Chinese language tech firm Alibaba on Monday launched Qwen 3, a household of AI fashions the corporate claims matches and in some circumstances outperforms the very best fashions out there from Google and OpenAI.
A lot of the fashions are — or quickly shall be — out there for obtain below an “open” license from AI dev platform Hugging Face and GitHub. They vary in dimension from 0.6 billion parameters to 235 billion parameters. Parameters roughly correspond to a mannequin’s problem-solving expertise, and fashions with extra parameters usually carry out higher than these with fewer parameters.
The rise of China-originated mannequin collection like Qwen have elevated the strain on American labs akin to OpenAI to ship extra succesful AI applied sciences. They’ve additionally led policymakers to implement restrictions geared toward limiting the power of Chinese language AI corporations to acquire the chips obligatory to coach fashions.
Introducing Qwen3!
We launch and open-weight Qwen3, our newest giant language fashions, together with 2 MoE fashions and 6 dense fashions, starting from 0.6B to 235B. Our flagship mannequin, Qwen3-235B-A22B, achieves aggressive leads to benchmark evaluations of coding, math, normal… pic.twitter.com/JWZkJeHWhC
— Qwen (@Alibaba_Qwen) April 28, 2025
In line with Alibaba, Qwen 3 fashions are “hybrid” fashions within the sense that they will take time and “reason” by means of advanced issues or reply easier requests shortly.
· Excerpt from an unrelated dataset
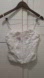 Corset top made of satin effect fabric. Straight neckline and adjustable spaghetti straps. Ruched fabric and raised floral details. Front metal hook closure. oyster white color

Reasoning allows the fashions to successfully fact-check themselves, much like fashions like OpenAI’s o3, however at the price of greater latency.
“We have seamlessly integrated thinking and non-thinking modes, offering users the flexibility to control the thinking budget,” wrote the Qwen workforce in a weblog put up. “This design enables users to configure task-specific budgets with greater ease.”
A number of the fashions additionally undertake a combination of specialists (MoE) structure, which may be extra computationally environment friendly for answering queries. MoE breaks down duties into subtasks and delegates them to smaller, specialised “expert” fashions.
The Qwen 3 fashions help 119 languages, Alibaba says, and had been educated on a knowledge set of practically 36 trillion tokens. Tokens are the uncooked bits of knowledge {that a} mannequin processes; 1 million tokens is equal to about 750,000 phrases. Alibaba says that Qwen 3 was educated on a mixture of textbooks, “question-answer pairs,” code snippets, AI-generated knowledge, and extra.
These enhancements, together with others, vastly boosted Qwen 3’s capabilities in comparison with its predecessor, Qwen 2, says Alibaba. Not one of the Qwen 3 fashions are head and shoulders above top-of-the-line current fashions like OpenAI’s o3 and o4-mini, however they’re sturdy performers nonetheless.
On Codeforces, a platform for programming contests, the most important Qwen 3 mannequin — Qwen-3-235B-A22B — simply beats out OpenAI’s o3-mini and Google’s Gemini 2.5 Professional. Qwen-3-235B-A22B additionally bests o3-mini on the newest model of AIME, a difficult math benchmark, and BFCL, a take a look at for assessing a mannequin’s capacity to “reason” about issues.
However Qwen-3-235B-A22B isn’t publicly out there — not less than not but.
The biggest public Qwen 3 mannequin, Qwen3-32B, remains to be aggressive with quite a few proprietary and open AI fashions, together with Chinese language AI lab DeepSeek’s R1. Qwen3-32B surpasses OpenAI’s o1 mannequin on a number of exams, together with the coding benchmark LiveCodeBench.
Alibaba says Qwen 3 “excels” in tool-calling capabilities in addition to following directions and copying particular knowledge codecs. Along with the fashions for obtain, Qwen 3 is on the market from cloud suppliers together with Fireworks AI and Hyperbolic.
Tuhin Srivastava, co-founder and CEO of AI cloud host Baseten, stated that Qwen 3 is one other level within the development line of open fashions retaining tempo with closed-source programs akin to OpenAI’s.
“The U.S. is doubling down on restricting sales of chips to China and purchases from China, but models like Qwen 3 that are state-of-the-art and open […] will undoubtedly be used domestically,” he informed TechCrunch. “It reflects the reality that businesses are both building their own tools [as well as] buying off the shelf via closed-model companies like Anthropic and OpenAI.”